Hustisford is a village in Dodge County, Wisconsin, United States. The population was 1,101 at the 2020 census. The village is located within the town of Hustisford.

==History==
The village was named for John Hustis, a pioneer settler.

==Geography==
Hustisford is located at (43.345528, -88.60135).

According to the United States Census Bureau, the village has a total area of 1.10 sqmi, of which 0.89 sqmi is land and 0.21 sqmi is water.

The village is bordered to the north by Lake Sinissippi, a shallow lake fed by the Rock River flowing from the Horicon Marsh, a bird sanctuary north of Hustisford. The lake hosts ice racing on Sundays in January and February.

==Demographics==

Beginning in the middle of the 1800s Hustisford had a German immigrant community. At one time it had two German-speaking churches, with one, Bethany Lutheran Church, continuing to have German worship in the 1970s. In addition, two of three schools in the period used German as a language of instruction.

Historical population
| Census | Pop. | Note | %± |
| 1880 | 488 |  | — |
| 1890 | 513 |  | 5.1% |
| 1900 | 540 |  | 5.3% |
| 1910 | 615 |  | 13.9% |
| 1920 | 595 |  | −3.3% |
| 1930 | 537 |  | −9.7% |
| 1940 | 564 |  | 5.0% |
| 1950 | 622 |  | 10.3% |
| 1960 | 708 |  | 13.8% |
| 1970 | 789 |  | 11.4% |
| 1980 | 874 |  | 10.8% |
| 1990 | 979 |  | 12.0% |
| 2000 | 1,135 |  | 15.9% |
| 2010 | 1,123 |  | −1.1% |
| 2020 | 1,101 |  | −2.0% |
| 2022 (est.) | 1,085 | Decrease | −1.5% |
U.S. Decennial Census

===2010 census===
As of the census of 2010, there were 1,123 people, 477 households, and 309 families living in the village.
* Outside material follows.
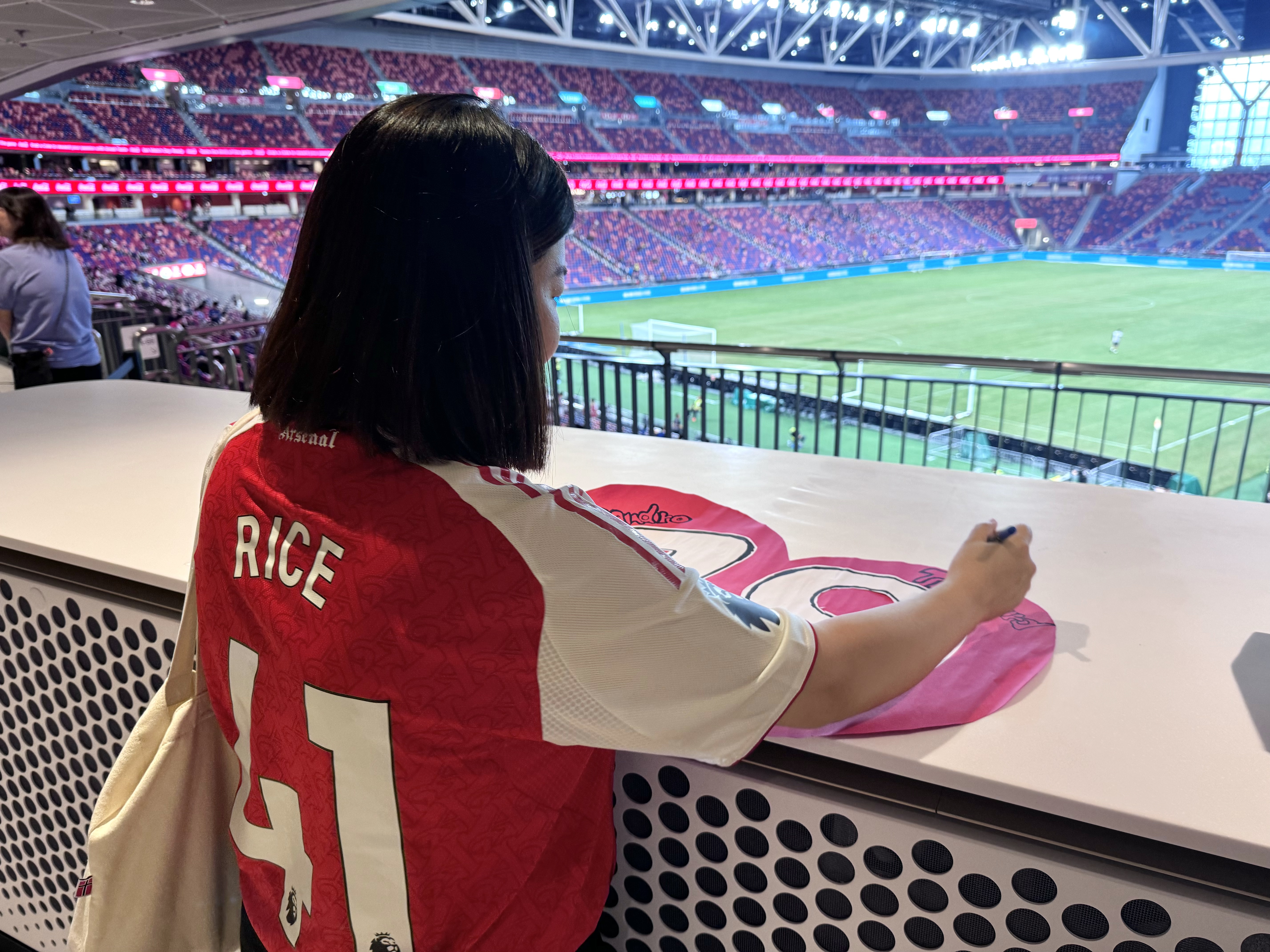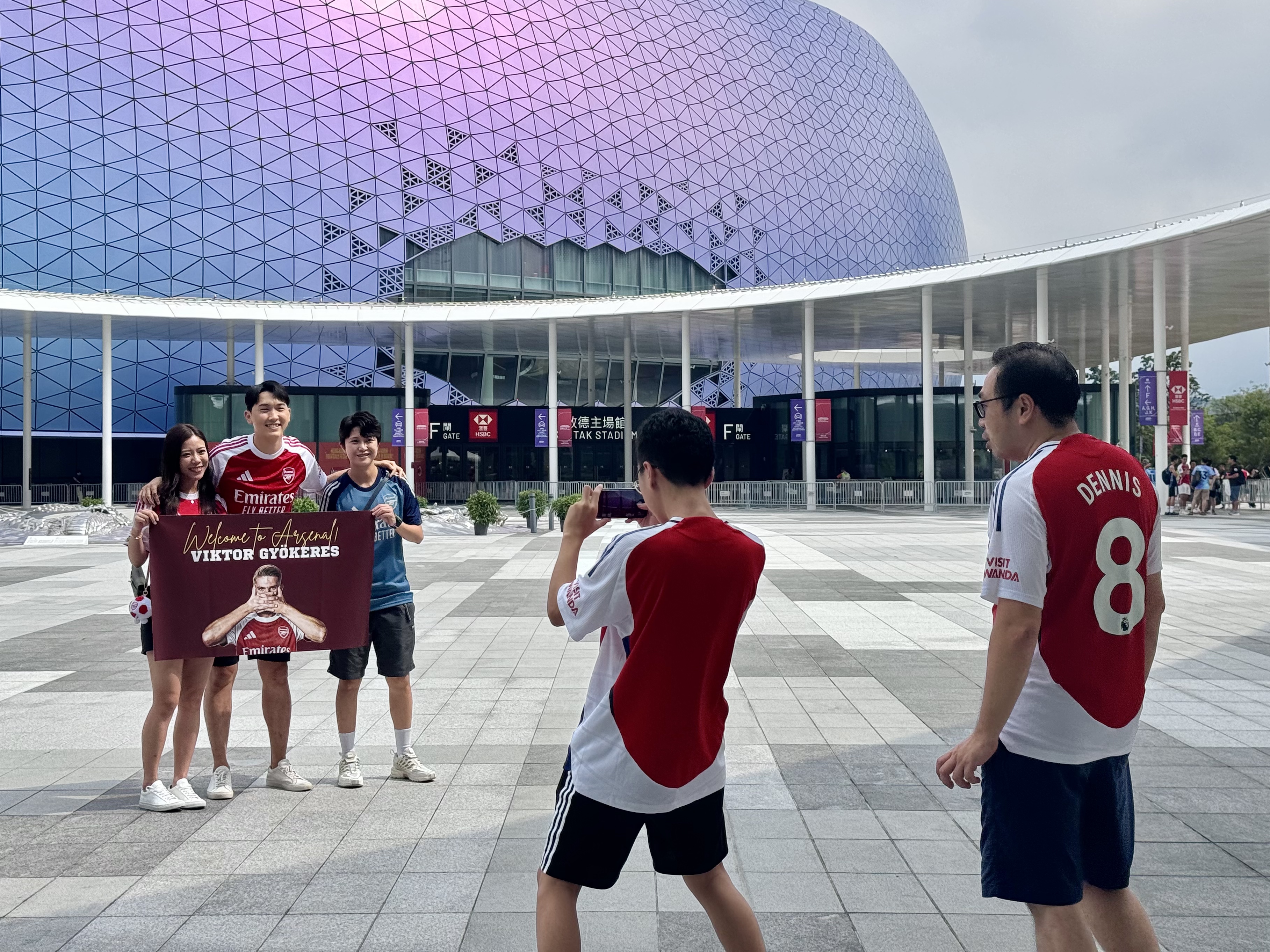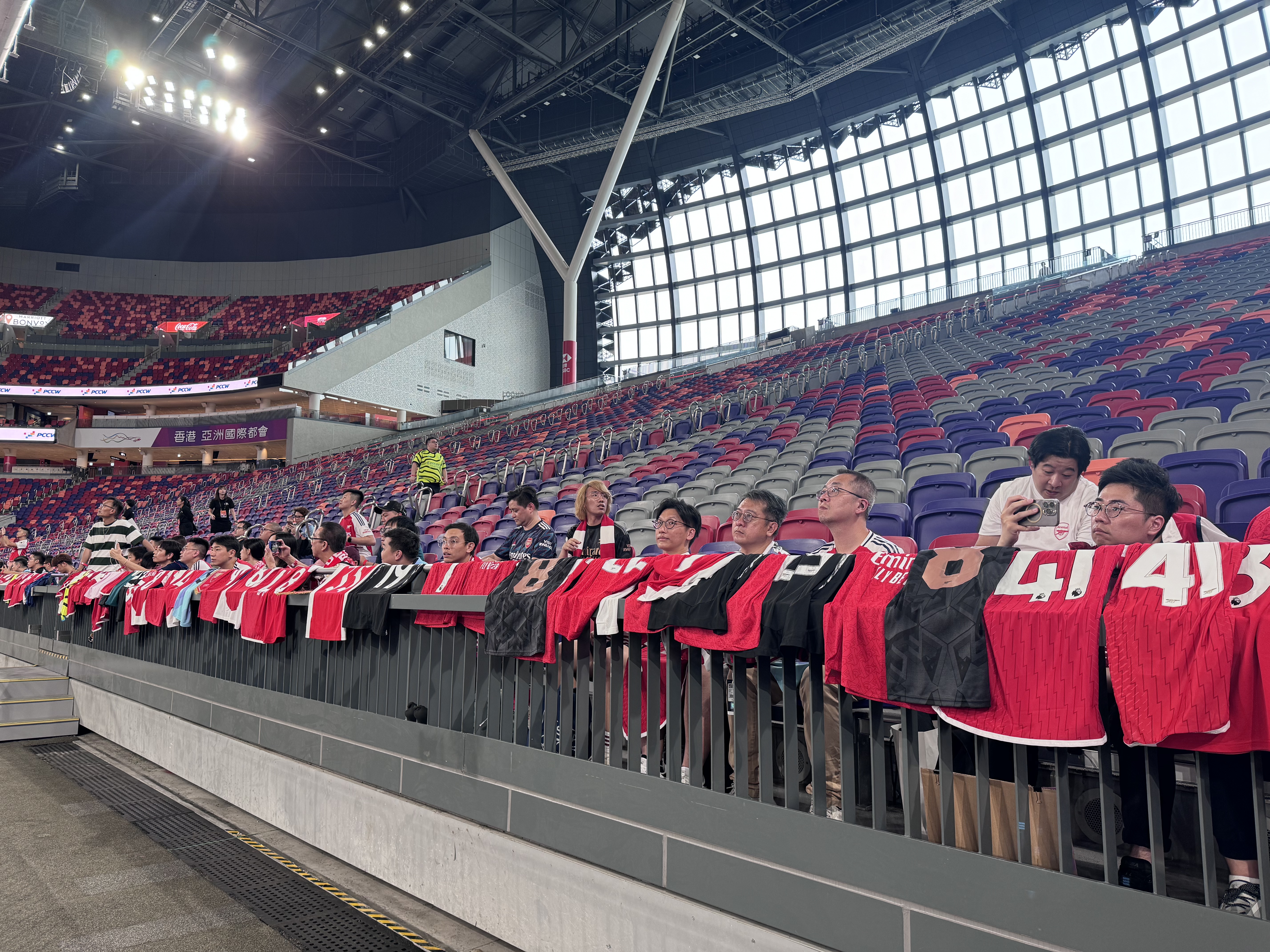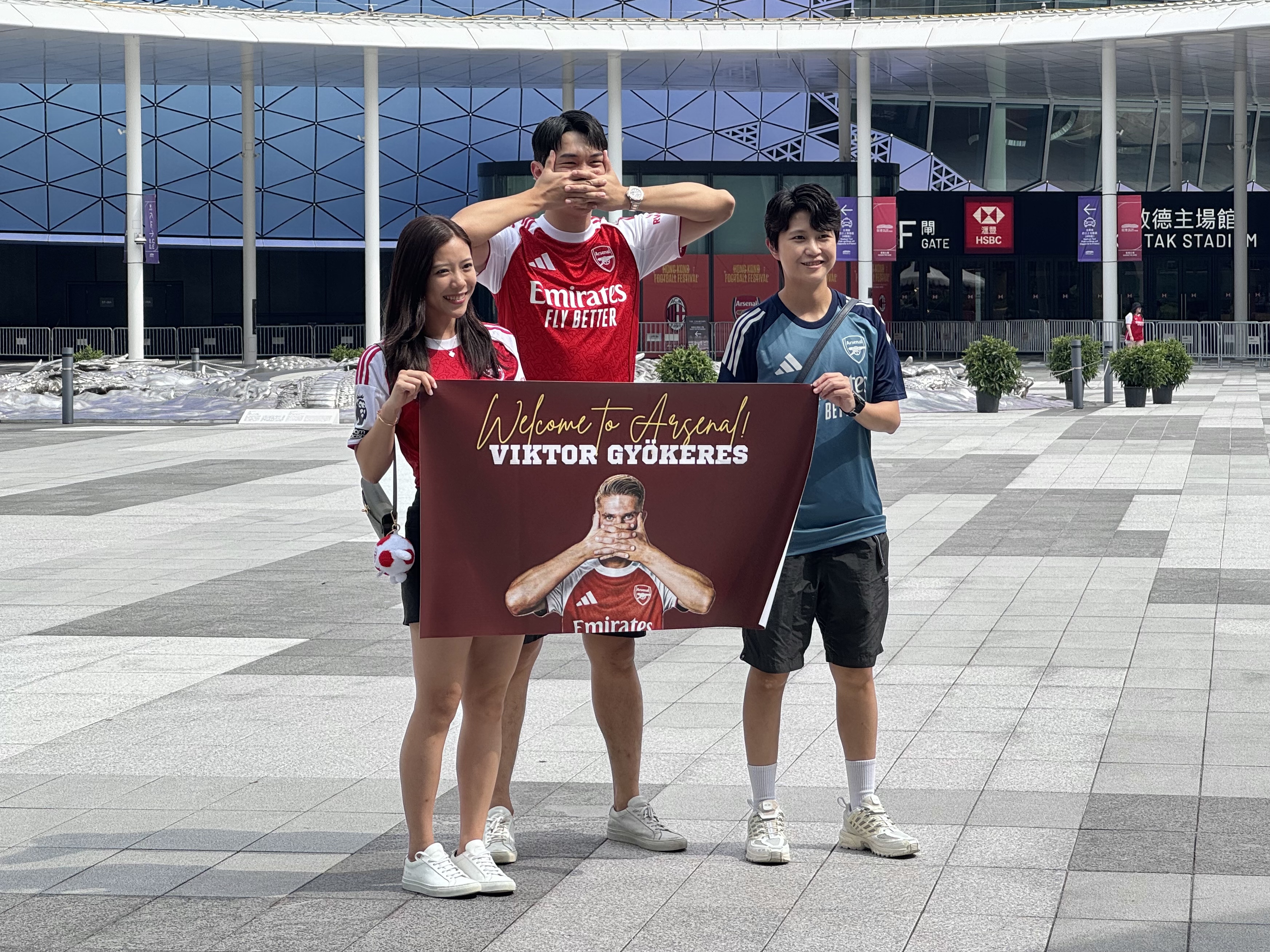 首次來啟德看比賽的朱先生表示,自己支持阿仙奴球隊十多年了,這也是他首次親眼看到愛隊,此時心情很興奮、很感動,不過遺憾的是未能搶到明天正式比賽的門票。他的同伴還正在手寫應援牌,「希望喜歡的球員能夠看到粉絲對他的熱愛和支持。」

The population density was 1261.8 PD/sqmi. There were 532 housing units at an average density of 597.8 /sqmi. The racial makeup of the village was 97.2% White, 0.5% African American, 1.0% Native American, 0.6% Asian, 0.1% from other races, and 0.5% from two or more races. Hispanic or Latino people of any race were 2.9% of the population.

There were 477 households, of which 29.8% had children under the age of 18 living with them, 49.5% were married couples living together, 8.6% had a female householder with no husband present, 6.7% had a male householder with no wife present, and 35.2% were non-families. 28.9% of all households were made up of individuals, and 10% had someone living alone who was 65 years of age or older. The average household size was 2.35 and the average family size was 2.89.

The median age in the village was 39.4 years. 22.4% of residents were under the age of 18; 8.5% were between the ages of 18 and 24; 27.4% were from 25 to 44; 27.4% were from 45 to 64; and 14.4% were 65 years of age or older. The gender makeup of the village was 52.1% male and 47.9% female.

===2000 census===
As of the census of 2000, there were 1,135 people, 472 households, and 296 families living in the village. The population density was 1,402.6 people per square mile (541.0/km^{2}). There were 498 housing units at an average density of 615.4 per square mile (237.4/km^{2}). The racial makeup of the village was 99.21% White, 0.09% Black or African American, 0.35% Native American, 0.35% from other races. 1.23% of the population were Hispanic or Latino of any race.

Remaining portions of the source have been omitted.